Ook kwam Ibn-Batutta fruitsoorten tegen die hij niet eerder had gezien; ze hingen aan de bomen. “Ze lijken op pruimen, appels, perziken en abrikozen, hoewel ze niet echt dezelfde zijn. Sommige bomen hebben fruit dat lijkt op komkommer.” Hij vertelt dat zodra dit komkommerachtige fruit rijp was, dit ontplofte en er als het ware zoiets als bloem uitkwam, waarmee de lokale bevolking kon koken en handelen.
Een Afrikaanse komkommer. Mogelijk lijkt deze op het soort fruit dat Ibn-Battuta tegen kwam. |
Op de route naar Oualata maakte de karavaan nog een stop bij het dorp Zaghari: “een groot plaatsje met zwart-getinte handelaren”, vertelt Ibn-Battuta.
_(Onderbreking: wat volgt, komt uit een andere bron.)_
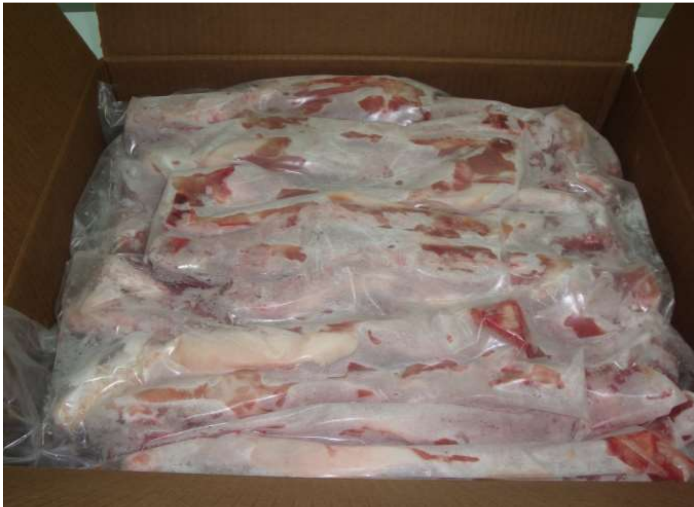
FOTO DE VISTA SUPERIOR INTERNA DEL PRODUCTO CONGELADO EMPACADO Y ENCAJADO

GESTIÓN: INSPECCIÓN DE PRODUCTO TERMINADO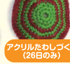
アクリルたわしづくり(26日のみ)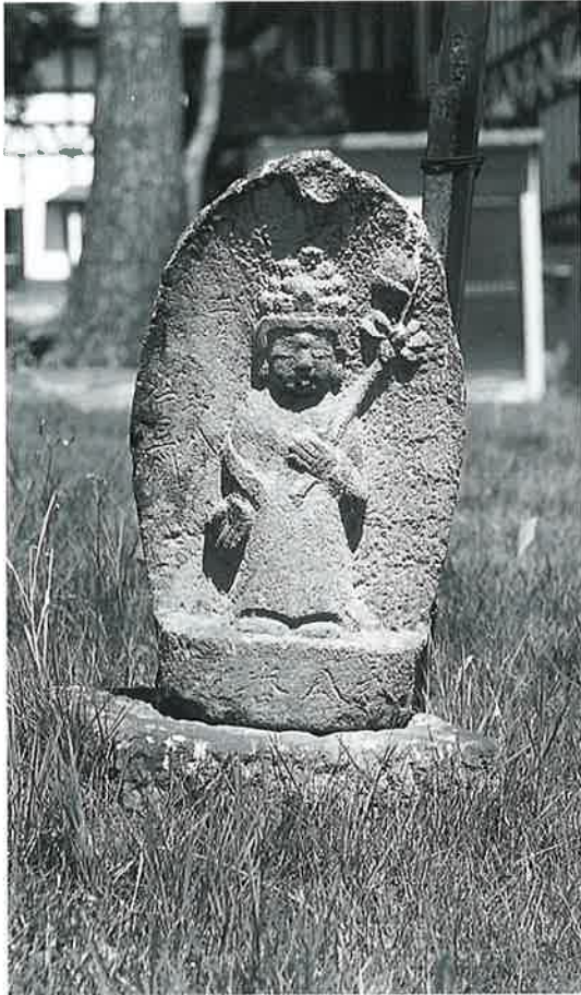
8 十一面観音(秋8番) (51×30×20)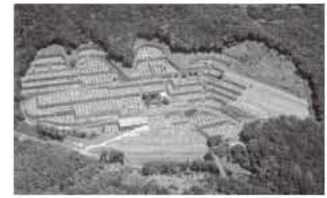
厚木霊園 総面積3万坪の大霊園

ザイン力、豊富な知識と経験に基づくアドバイスなどです。墓苑と霊園の経営には先ず、2~3千坪の土地の確保と拡張が必須であり、莫大な資金や販売の苦勞も伴います。今日の社大な霊園運営は、山本社長の数十年に及ぶ奔走と努力の成果といえましょう。「お墓は先祖と未来の絆、日本人の生きるよりどころでもあり、その心を大切にしたい」と山本社長。ただ、新たな墓苑と霊園経営は、物価の高騰や消費税により厳しく、目下、新事業を模索中だとか。弊社は墓苑と霊園、新社屋の電気工事でお付き合い頂いております。

Na een flinke reis kwamen de reizigers eindelijk aan bij de grote rivier de Niger. Deze rivier zag Ibn-Battuta ten onrechte aan voor de Nijl. “Ik kwam hier een krokodil tegen, het leek op een kleine kano”, schrijft hij. Na de rivier bereikt te hebben, trok Ibn-Battuta richting het zuiden. Mali werd op 28 juni 1352 bereikt. Hij deed onder meer de Malinese plaats Timboektoe aan, toen nog een klein en onbelangrijk oord.
In Timboektoe ontmoette Ibn-Battuta de lokale handelaar Abu Bakr Ibn-Qaqub. Abu Bakr nam hem mee de omgeving in van Timboektoe. Bij een rivier stond Ibn-Battuta opeens stil vol verbazing. “Ik zag zestien beesten met enorme lichamen”, schrijft hij. Abu Bakr stelde hem gerust en vertelde hem dat het nijlpaarden waren. “Hun hoofden zagen eruit als paarden en hun benen als olifanten”, aldus Ibn-Battuta. In Mali reisde hij nog enkele maanden rond, en bezocht hij lokale notabelen. De sultan van Marokko wilde vervolgens dat Ibn-Battuta vlug weer terugkeerde, waarom is niet bekend. In 1354 bereikte hij zijn geboorteland weer. Ibn-Battuta sliep die nacht veilig weer in zijn eigen huis. Zijn laatste grote reis zat er op.